Q: Did this release of the data trigger the second tranche of [$40 million] financing agreement signed in July with Deerfield?

A: It’s a fairly formal process with our friends at Deerfield. We’re embarking upon that now. Ultimately, they’ll have to make that decision, but our belief is that yes it will.

Q: Can you tell us a little bit about the range of A1c levels in patients enrolled in the trials? Were there any real differences between the two or three groups?
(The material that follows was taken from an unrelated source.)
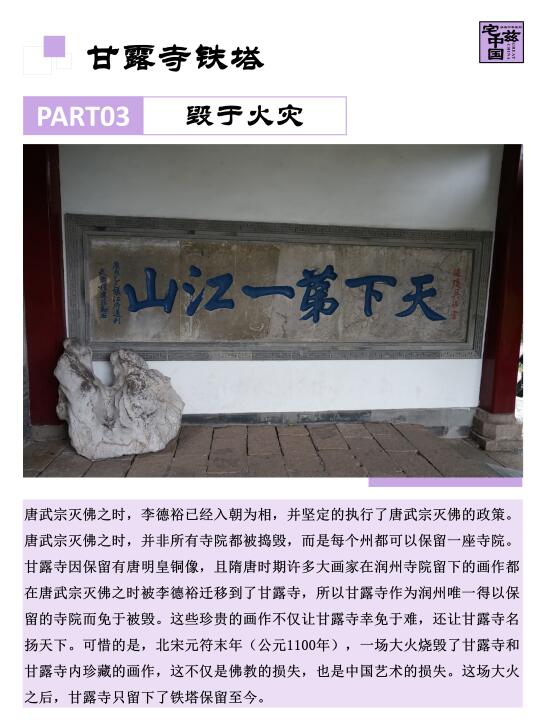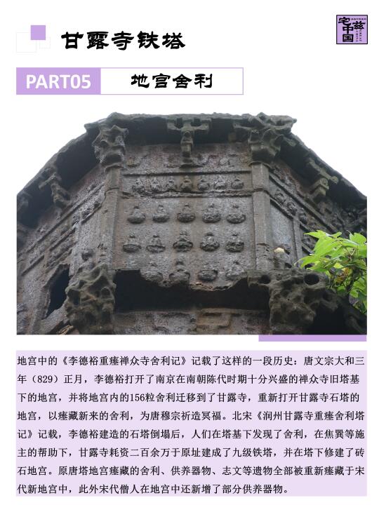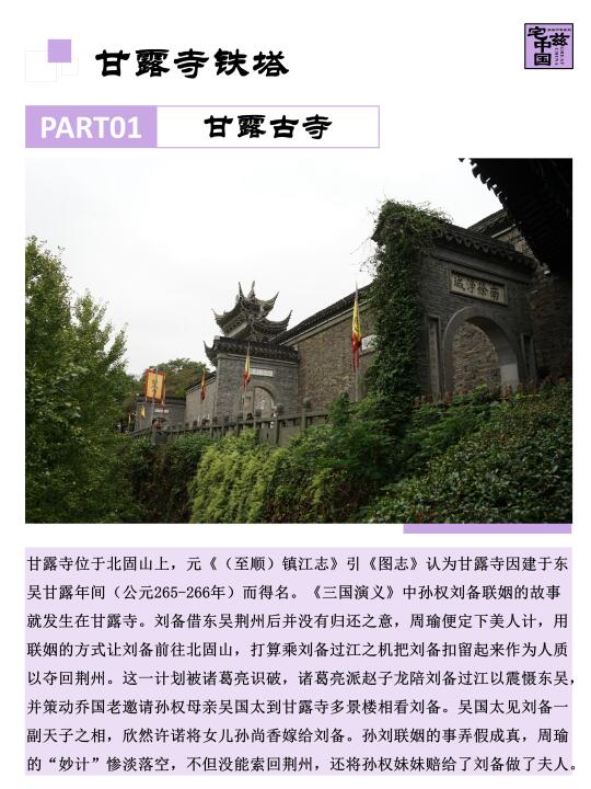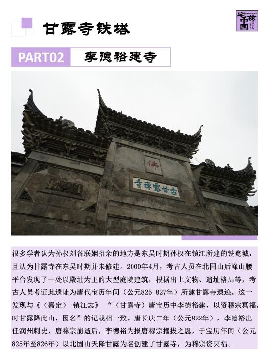《三国演义》中刘备孙权曾在甘露寺联姻,但三国时期甘露寺并未修建。根据史料及出土文物判断,甘露寺始建于唐宝历年间,是李德裕为报唐穆宗擢拔之恩,以北固山天降甘露为名创建了甘露寺,以为穆宗资冥福。甘露寺毁于北宋时期的大火,寺内铁铸阁楼式宝塔幸存,塔下地宫瘗藏有李德裕从南京长干寺和禅众寺迁移而来的舍利子。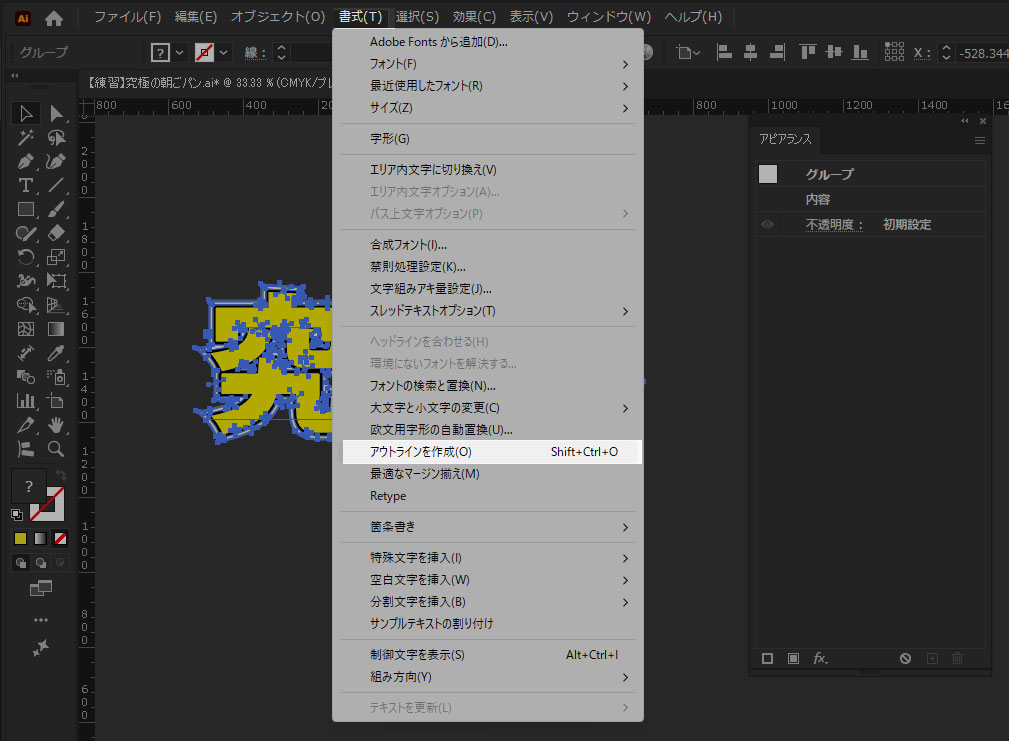 続けて、メニューバーの 「書式」>「アウトラインを作成」 を実行します。これで文字がパスに変換され、フォント環境に依存しないデータになります。

A: In the type 2 study, patients came in to the study, they averaged about 8.6-8.7% A1c. After the run-in phase, a six-week optimization phase, we saw a decline already occurring pre-randomization. At the point of randomization, they had comparable A1c levels. [Editor’s Note: This was the only time baseline A1c was even approached in the call, and it still did not share what the baseline A1c was at the beginning of the treatment period. It’s hard to ascertain the magnitude of effect without this.]

Q: Sometime back, you did a very well controlled, very small trial where you titrated patients not based upon the amount of insulin given, but based on the amount of food they were consuming. You came up with incredibly great success in avoiding hypoglycemic events, regardless of how much they ate. Was there anything in particular that you feel might be contributing to the hypo events that you saw in the type 2 diabetes trial? Things that are perhaps beyond the control that you could provide in the clinical setting that you used?

A: We have a host of data. We’ll do considerable post-hoc evaluation. What we reported here were our pre-specified endpoints. The question you are asking is something we can address once we get into a post- hoc analysis. Looking at meals, frequency of meals, how many were skipped, etc. With more than 55,000 meals per group, we have lots of data to look at.